This one was for my daughter, who at the time was learning about the $t$-test.

The demo linked above shows how the two-sample (Welch) $t$-test works. The idea is that there are two random variables (or populations) $A$ and $B$, each normally distributed, and we want to test whether these populations have the same mean. So we take a sample from each population. (Shown in the yellow boxplots. The red bar in the boxplot is the sample mean.)

Suppose these samples have size $n_A$, $n_B$ respectively, and that they have means $\overline{X}_A$, $\overline{X}_B$, and sample variances $s_A^2$, $s_B^2$. Let \[ t = \frac{\overline{X}_A - \overline{X}_B}{s} \] where \[ s = \sqrt{\frac{s_A^2}{n_A} + \frac{s_B^2}{n_B}}. \]

Then one can show that if the (unknown) population means are the same (that’s our null hypothesis) then the variable $t$, as we repeatedly draw samples, is distributed with a $t$-distribution.

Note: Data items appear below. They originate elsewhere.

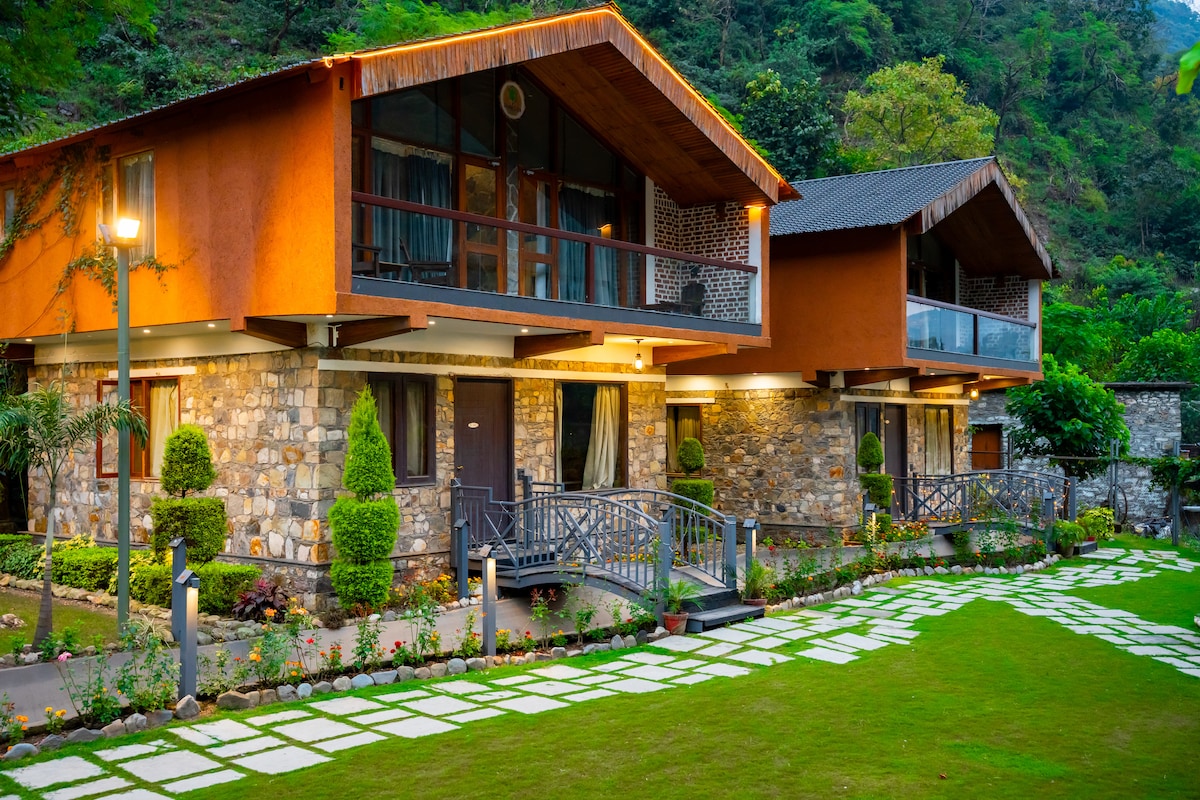 Set along a serene river at a peaceful, pet & senior-citizen friendly resort, this 2-bedroom suite features large glass windows and private balconies that frame picturesque river and mountain views. Outdoors, guests can unwind amid landscaped gardens, riverside seating, a gazebo, a cabana, and a shared pool with a dedicated kids’ pool. Delight in delicious meals at the on-site restro, which offers thoughtfully designed indoor & outdoor seating, ideal for intimate meals immersed in nature.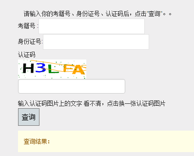 请输入你的考籍号、身份证号、认证码后,点击"查询"。。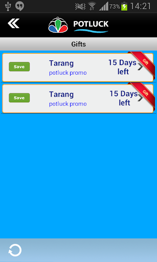 Potluck is a mobile app which can spring up surprises each time you visit your favorite restaurant, pub, cafe or saloon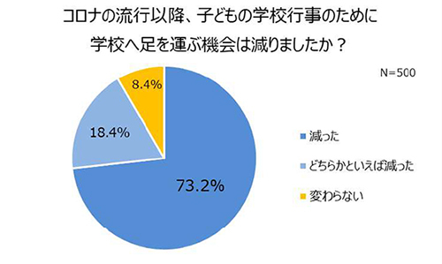 これまでと比較して、子どもの学校行事のために学校へ行く機会が減ったかを尋ねた質問では、「減った」「どちらかといえば減った」を合わせた割合が9割超に達した。

This is what the main plot shows. For each experiment, a sample is drawn from each of $A$ and $B$, and the value of $t$ is marked as a blue cross on the horizontal axis. For comparison, the grey histogram shows how the blue cross would be distributed over 1000 such experiments. So you can see how typical the value of $t$ is for the given population parameters. The red curve is the $t$-distribution under our null hypothesis. So you can also see how typical the blue cross is with respect to this hypothesis. Note that, with the starting values of the population parameters, the means are equal, so the null hypothesis is met and the red curve matches well to the grey histogram. But explore what happens as the means are moved apart.

The red region in the tail of the $t$-distribution from our blue cross has area which equals the probability, under the null hypothesis, of finding this or a more extreme result. This is the $p$-value of the test.

To be precise, the red curve plots the $t$-density \[ f(x) = \frac{\Gamma {d+1 \choose 2}}{\sqrt{d \pi} \Gamma {d \choose 2}}\left( 1 + \frac{x^2}{d}\right)^{-\frac{d+1}{2}} \] where $d$ is a parameter called the number of degrees of freedom. If one does the maths to derive the distribution of the $t$-statistic under our null hypothesis, one finds a messy formula for $d$: \[ d = \frac{s^4}{\frac{(s_A^2 / n_A)^2}{n_A - 1} + \frac{(s_B^2 / n_B)^2}{n_B - 1}} \] So as the sample sizes increase, so does $d$, and the red curve $f(x)$ becomes more concentrated at 0.

At the bottom of the plot is the output of the R function t.test() for the given samples. It shows, in particular, the value of $t$ and the $p$-value. The demo tries to make this output intuitive — how does the $p$-value respond as we vary the population mean and variance, or the sample sizes?